*Supplied data*

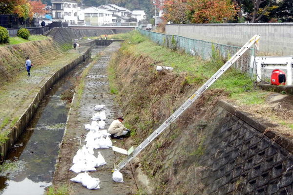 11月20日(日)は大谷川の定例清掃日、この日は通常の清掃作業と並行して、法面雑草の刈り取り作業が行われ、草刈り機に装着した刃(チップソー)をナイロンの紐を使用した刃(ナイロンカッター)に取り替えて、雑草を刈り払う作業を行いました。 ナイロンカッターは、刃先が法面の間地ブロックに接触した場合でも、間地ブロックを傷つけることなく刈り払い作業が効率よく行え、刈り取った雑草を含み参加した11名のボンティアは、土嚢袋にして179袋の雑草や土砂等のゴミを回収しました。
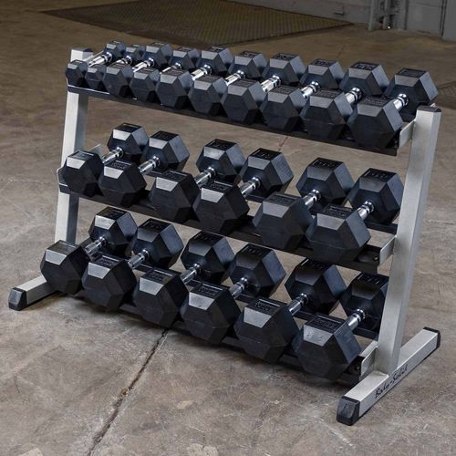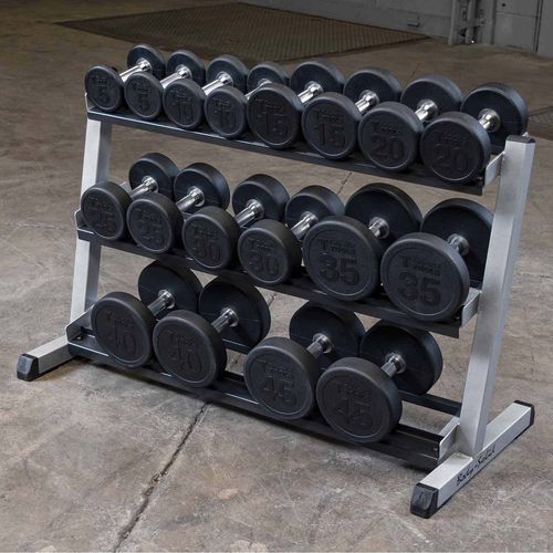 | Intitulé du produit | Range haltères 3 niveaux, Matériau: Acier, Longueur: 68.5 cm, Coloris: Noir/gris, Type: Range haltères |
---
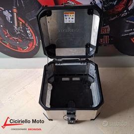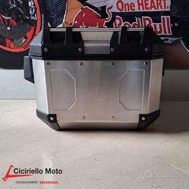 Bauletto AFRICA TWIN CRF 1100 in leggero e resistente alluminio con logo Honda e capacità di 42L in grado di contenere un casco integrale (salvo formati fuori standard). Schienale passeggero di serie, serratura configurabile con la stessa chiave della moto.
---
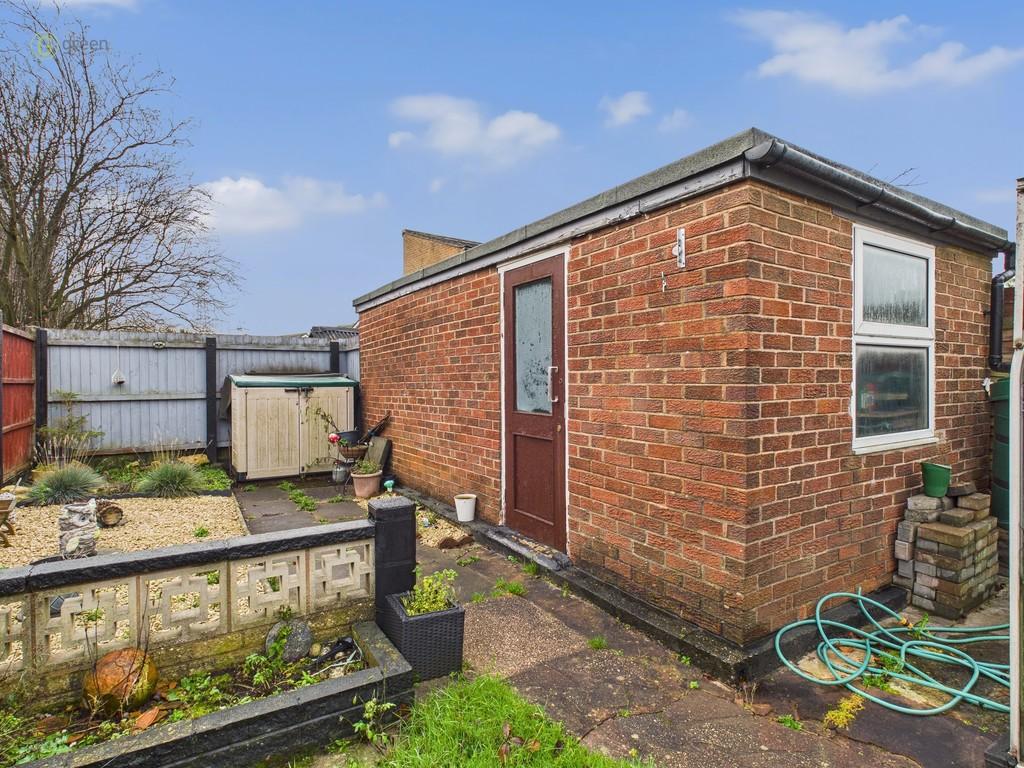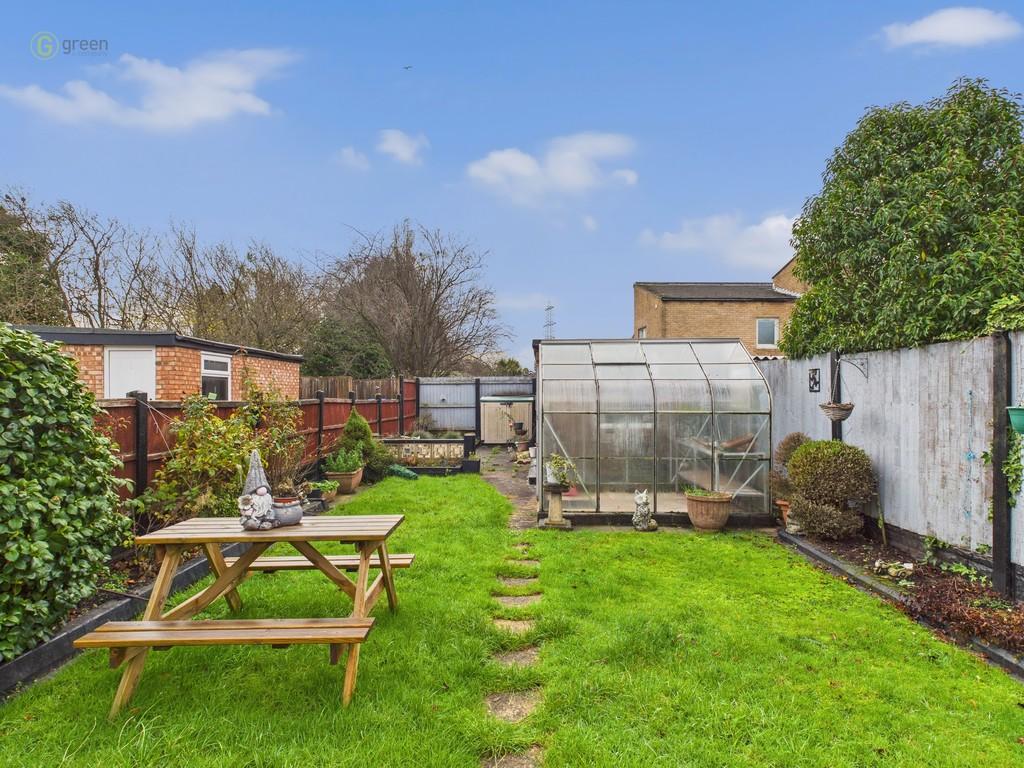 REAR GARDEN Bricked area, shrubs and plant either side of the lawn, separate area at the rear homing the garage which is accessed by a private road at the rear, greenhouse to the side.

*Work task*
Starting at the line containing "11月20日(日)は大谷川の" and stopping at the line containing "Range haltères |", output each line exactly as it appears above. Leave out the pictures.

*Completed task*
 11月20日(日)は大谷川の定例清掃日、この日は通常の清掃作業と並行して、法面雑草の刈り取り作業が行われ、草刈り機に装着した刃(チップソー)をナイロンの紐を使用した刃(ナイロンカッター)に取り替えて、雑草を刈り払う作業を行いました。 ナイロンカッターは、刃先が法面の間地ブロックに接触した場合でも、間地ブロックを傷つけることなく刈り払い作業が効率よく行え、刈り取った雑草を含み参加した11名のボンティアは、土嚢袋にして179袋の雑草や土砂等のゴミを回収しました。
 | Intitulé du produit | Range haltères 3 niveaux, Matériau: Acier, Longueur: 68.5 cm, Coloris: Noir/gris, Type: Range haltères |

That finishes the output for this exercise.